Что до моих упреков по твоему адресу, то часть из них я вынужден взять назад, — с одной стороны, из-за твоего нездоровья, а с другой, из-за этого исчезнувшего послания. Я и прежде от всего сердца проклинал гимнастические упражнения, а уж теперь, после случая с тобой, еще больше их ненавижу. Причинить себе боль, страдание на всю жизнь, карабкаясь на какую-то трапецию! Бедный мой старик, мне тебя жаль, и вместе с тем я немного на тебя сердит.

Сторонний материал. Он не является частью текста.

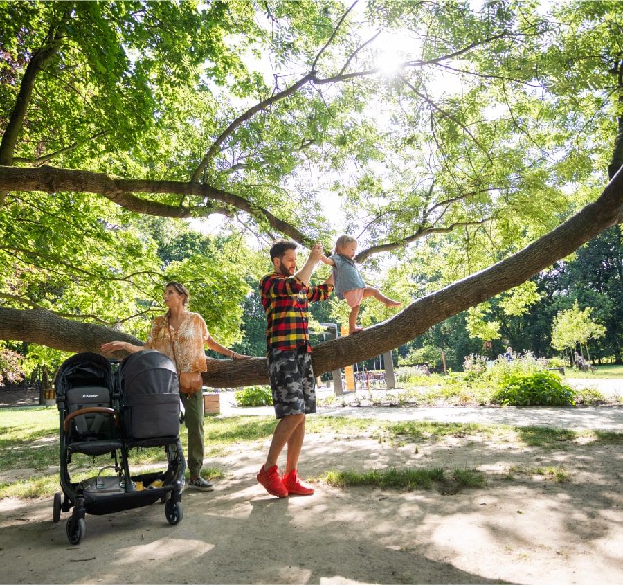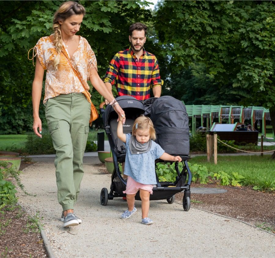 - Bardzo lekka – żadnych zbędnych kilogramów do dźwigania. Lekka konstrukcja gondoli pozwala na wpięcie dwóch gondol obok siebie wykorzystując całą szerokość ramy wózka. Dzięki niewielkiej wadze gondol, wóżek z podwójnym obciążeniem łatwo się prowadzi.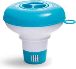 Плаващ дозатор за хлор Intex е практичен и удобен продукт, който помага да поддържате басейна или джакузито чисти. Това малко устройство се пълни с химически таблетки и плува на повърхността на водата, като постепенно освобождава почистващите вещества. Използвайки дозатора преди къпане, може да се насладите на плуване в чиста вода. Оборудван е с двустепенен капак, който предпазва съдържанието от деца, осигурявайки спокойствие и безопасност.

Ты пишешь мне об «Индиане» и даешь краткий разбор ее, а потом пытаешься проанализировать идею, которая легла в основу этой книги. Мне кажется, ты прочитал ее чересчур быстро, чтобы хорошенько в ней разобраться. Я был еще очень юным, когда, как и ты, с жадностью ее проглотил, но, помнится, она произвела на меня тяжелое впечатление. Жорж Санд признается там, что в браке не может быть счастья и что любовник так же не способен дать его, как и муж. Какова же участь этой Индианы — то есть женщины, чьим прообразом она является? Несчастная в супружестве, несчастная в любви, она повсюду находит лишь слезы и рыдания — верна она мужу или изменяет ему. Есть от чего прийти в уныние! Ни одного оазиса, где бы можно отдохнуть душой, две пропасти, одинаково глубокие, одинаково мрачные, и в довершение несчастий — почти всегда обе одновременно. Всем известно, что Жорж Санд не является сторонницей брака; вот почему ужаснее всего для меня наблюдать, как эта писательница отрицает любовь вне брака, — ведь это значит отрицать ее вообще, это значит омрачать сердца двадцатилетних. Я не очень хорошо помню эту книгу и, возможно, ошибаюсь, но мне кажется, я правильно сформулирую мысль автора, если скажу, что, показывая нам сначала ревность мужа, а потом эгоизм любовника, показывая, как мелки мужчины по сравнению с женщиной, он ставит ее на пьедестал и делает вывод, что только женщины умеют любить. Но вот в чем трагедия — ведь, идеализируя женщину, вознося ее над толпой, тем самым автор изолирует ее и заставляет оплакивать свое одиночество. Да, вспомнил, — кажется, в конце концов Индиана находит любовника, который ее достоин, но эта развязка, придуманная, возможно, в угоду читателю, не может заставить забыть, сколько выстрадала Индиана с Реймоном, и, прочитав роман, вы все-таки испытываете уныние и грусть.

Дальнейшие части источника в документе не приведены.